Evaluation of suspected autosomal Alport Syndrome synonymous variants

Abstract

【Background】 Alport syndrome is an inherited disorder characterized by progressive renal disease, variable sensorineural hearing loss, and ocular abnormalities. Although many pathogenic variants in COL4A3 and COL4A4 have been identified in autosomal Alport syndrome cases, synonymous mutations in these genes have rarely been identified. 【Methods】 We conducted in silico splicing analysis using the Human Splicing Finder (HSF) and Alamut to predict splicing domain strength and disruption of the sites. Furthermore, we performed in vitro splicing assays using minigene constructs and mRNA analysis of patient samples to determine the pathogenicity of 4 synonymous variants detected in 4 patients with suspected autosomal dominant Alport syndrome (COL4A3 (c.693G>A (p.Val231=) and COL4A4 (c.1353C>T (p.Gly451=), c.735G>A (p.Pro245=), and c.870G>A (p.Lys290=))). 【Results】 Both in vivo and in vitro splicing assays showed exon skipping in 2 out of the 4 synonymous variants identified (c.735G>A and c.870G>A in COL4A4).
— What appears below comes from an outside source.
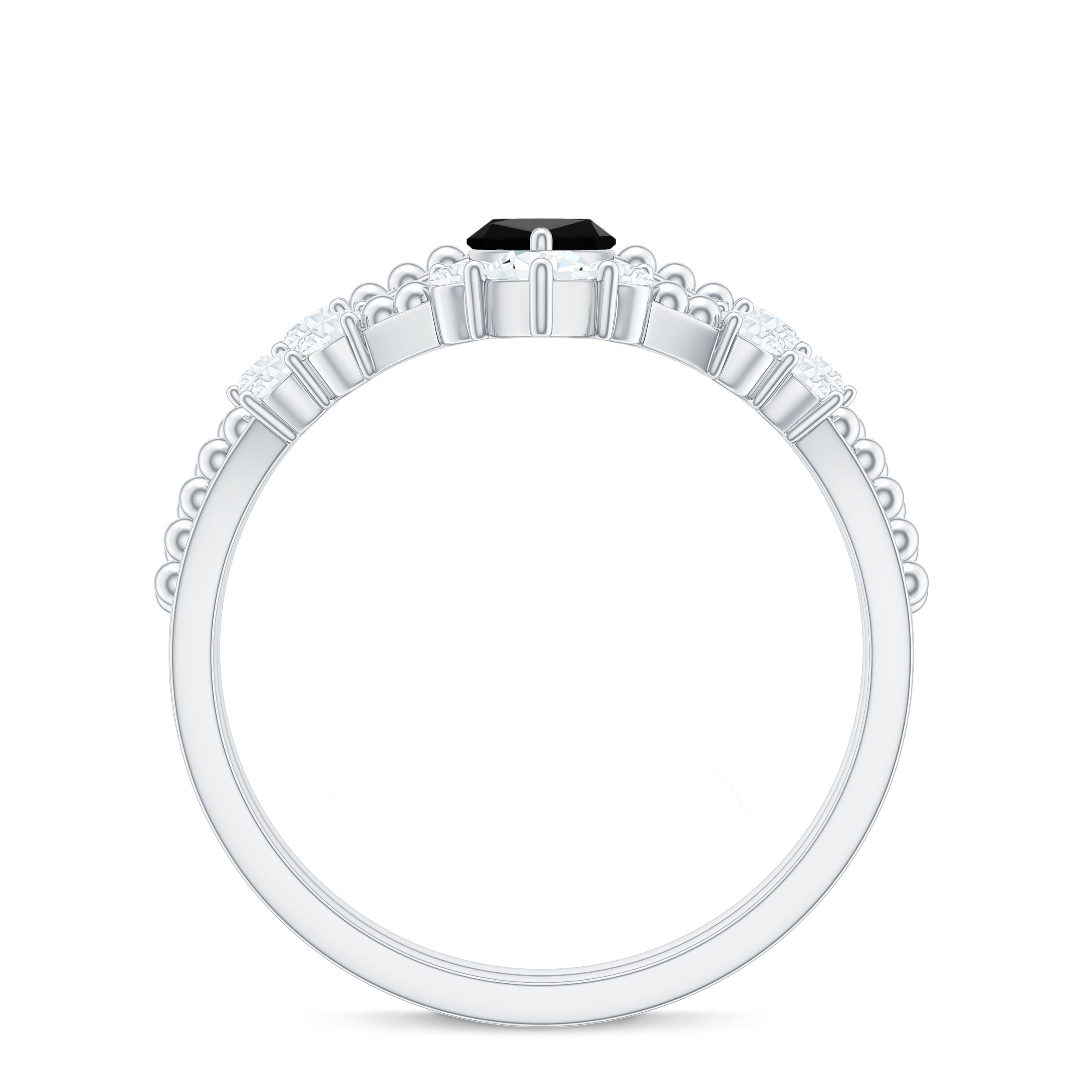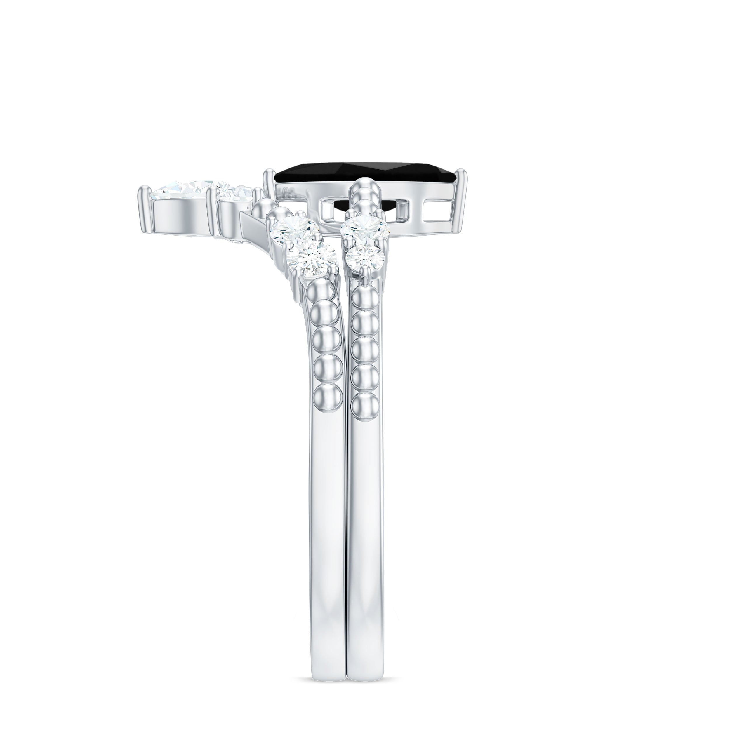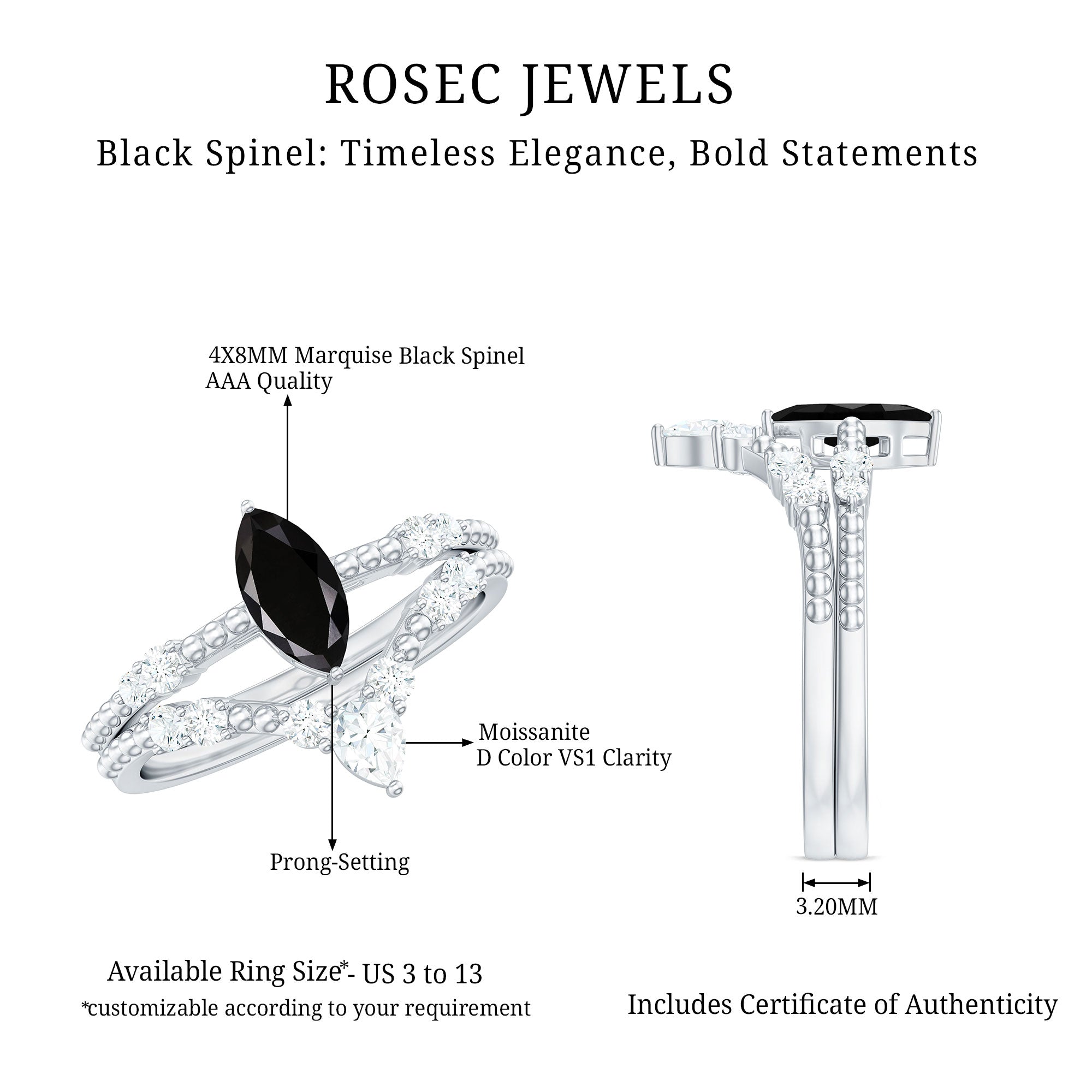 This exquisite Solitaire Ring Set has Marquise Shape Black Spinel in Prong Setting and Moissanite on the V Shape Band is an elegant piece for your D-day.

Prediction analysis of wild-type and mutated COL4A4 sequences using the HSF and Alamut suggested that these 2 variants may lead to the loss of binding sites for several splicing factors, e.g., in acceptor sites and exonic splicing enhancers. The other 2 variants did not induce aberrant splicing. 【Conclusions】 This study highlights the pitfalls of classifying the functional consequences of variants by a simple approach. Certain synonymous variants, although they do not alter the amino acid sequence of the encoded protein, can dramatically affect pre-mRNA splicing as shown in 2 of our cases. Our findings indicate that transcript analysis should be carried out to evaluate synonymous variants detected in autosomal dominant Alport syndrome cases.